Top of DATA

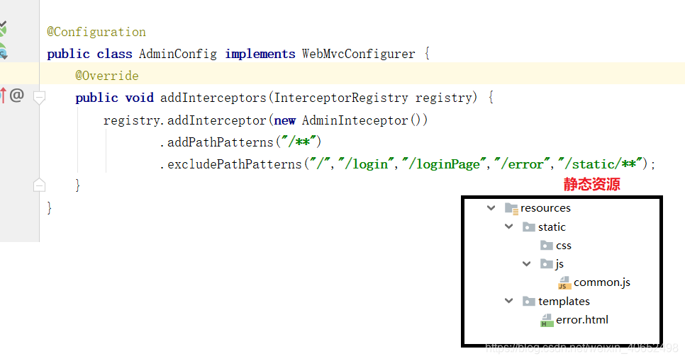 但是因为有拦截器的存在,所以静态资源不能写根目录,故需要设置个静态路径
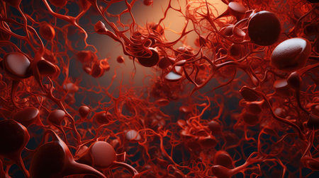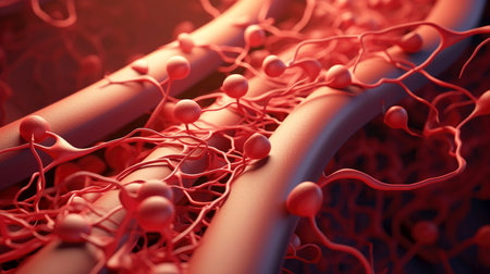 Blood vessels. Capillary, Circulatory system. Veins and arteries. Abstraction. Generative AI.
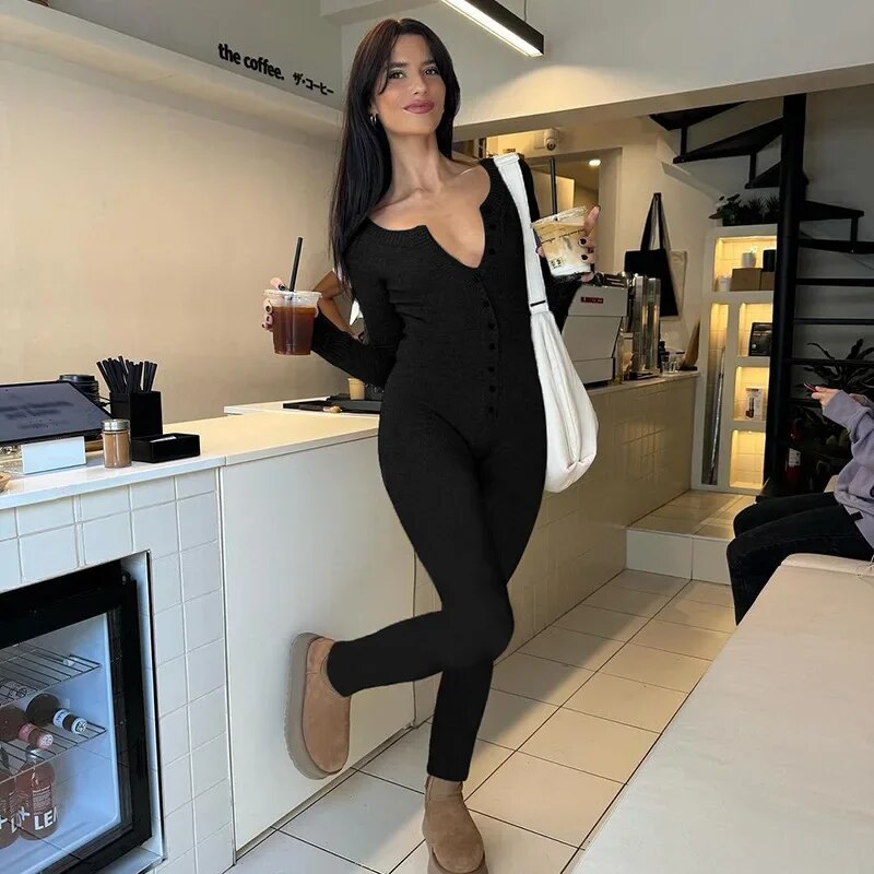 Conforto e flexibilidade no encontro: Feito com uma combinação de tecidos de qualidade, esse macacão combina perfeitamente com as formas do corpo, permitindo total liberdade de movimento, ideal para uma mulher ativa e elegante.
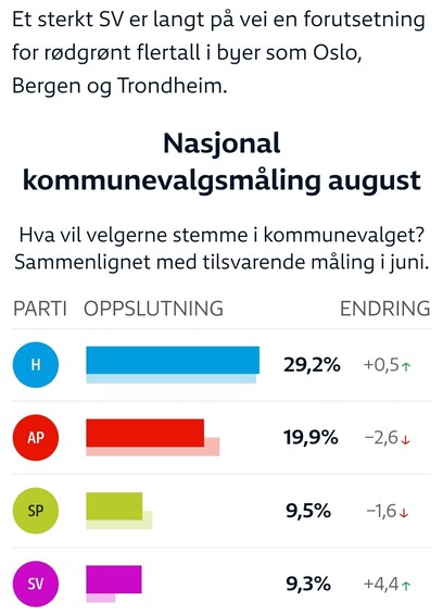 #SV kan gjÞre et svÊrt godt valg, og dét trengs for Ä hindre hÞyrestyre i flere byer. Partiet puster SP i nakken og kan bli Norges tredje stÞrste parti under #valg2023
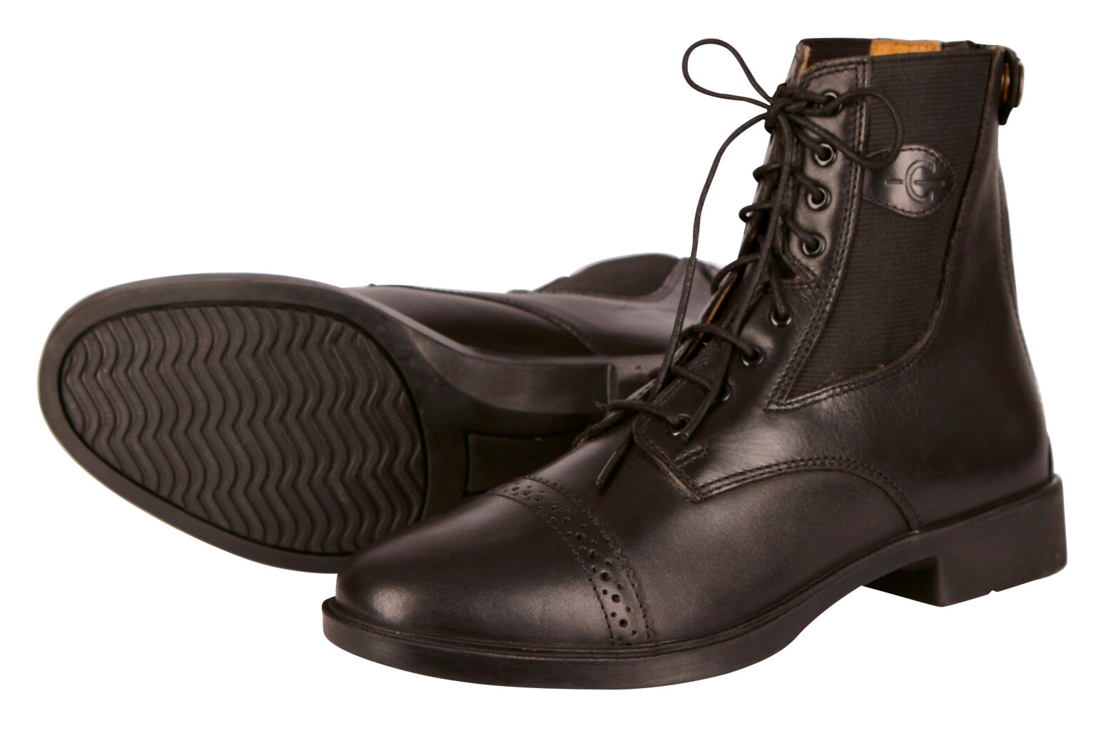 Elegantní nízká jezdecká perka s dekorativním prošitím na špičce, šněrováním na nártu, zipem vzadu a gumovými vsadkami pro pohodlné obutí a vyzutí.
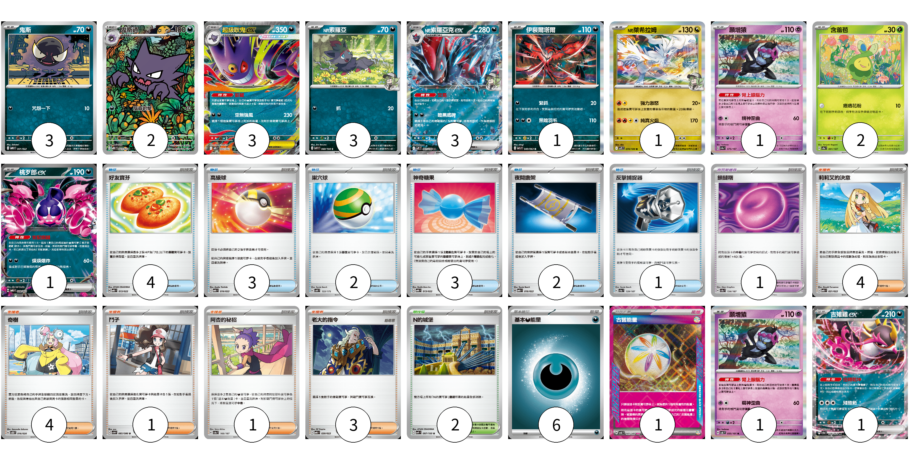 牌組構築方案 以此牌組為基礎新構築牌組 顯示卡面 顯示列表 寶可夢卡(22) 3 2 3 3 3 1 1 1 2 1 1 1 寶可夢道具(1) 1 物品卡(15) 4 3 2 3 2 1 支援者卡(13) 4 4 1 1 3 競技場卡(2) 2 能量卡(7) 6 1 寶可夢卡(22) 卡牌名稱 張數 卡牌名稱 張數 鬼斯 MBG 001/022 03 鬼斯通 MBG 023/022 02 超級耿鬼ex MBG 003/022 03 N的索羅亞 SV9 060/100 03 N的索羅亞克ex SV9 061/100 03 伊裴爾塔爾 M1L 040/063 01 N的萊希拉姆 SV9 074/100 01 願增猿 SV8a 075/187 01 含羞苞 SV8a 001/187 02 桃歹郎ex MBG 009/022 01 願增猿 SV6 055/101 01 吉雉雞ex SV6a 038/064 01 寶可夢道具(1) 卡牌名稱 張數 卡牌名稱 張數 鎖鏈糬 SV8a 154/187 01 物品卡(15) 卡牌名稱 張數 卡牌名稱 張數 好友寶芬 MBD 013/022 04 高級球 MBD 014/022 03 巢穴球 SVM 133/175 02 神奇糖果 MBG 013/022 03 夜間擔架 MBD 016/022 02 反擊捕捉器 SV8a 139/187 01 支援者卡(13) 卡牌名稱 張數 卡牌名稱 張數 莉莉艾的決意 MBD 021/022 04 奇樹 SVOD 016/020 04 鬥子 SV11W 085/086 01 阿杏的秘招 SV8a 166/187 01 老大的指令 MBD 020/022 03 競技場卡(2) 卡牌名稱 張數 卡牌名稱 張數 N的城堡 SV9 097/100 02 能量卡(7) 卡牌名稱 張數 卡牌名稱 張數 基本【惡】能量 MBG DAR 06 古舊能量 SV6 101/101 01 以此牌組為基礎新構築牌組 牌組編碼 WpbGtl-zloyqF-VEUnxW copy 列印牌組單 牌組編碼已複製 分享至SNS

Bottom of DATA

**TASK INSTRUCTIONS**.
Reproduce, word for word, every line from the start of the records down to and including the line with "Elegantní nízká jezdecká"; skip the pictures.

**YOUR SOLUTION**.
 但是因为有拦截器的存在,所以静态资源不能写根目录,故需要设置个静态路径
 Blood vessels. Capillary, Circulatory system. Veins and arteries. Abstraction. Generative AI.
 Conforto e flexibilidade no encontro: Feito com uma combinação de tecidos de qualidade, esse macacão combina perfeitamente com as formas do corpo, permitindo total liberdade de movimento, ideal para uma mulher ativa e elegante.
 #SV kan gjÞre et svÊrt godt valg, og dét trengs for Ä hindre hÞyrestyre i flere byer. Partiet puster SP i nakken og kan bli Norges tredje stÞrste parti under #valg2023
 Elegantní nízká jezdecká perka s dekorativním prošitím na špičce, šněrováním na nártu, zipem vzadu a gumovými vsadkami pro pohodlné obutí a vyzutí.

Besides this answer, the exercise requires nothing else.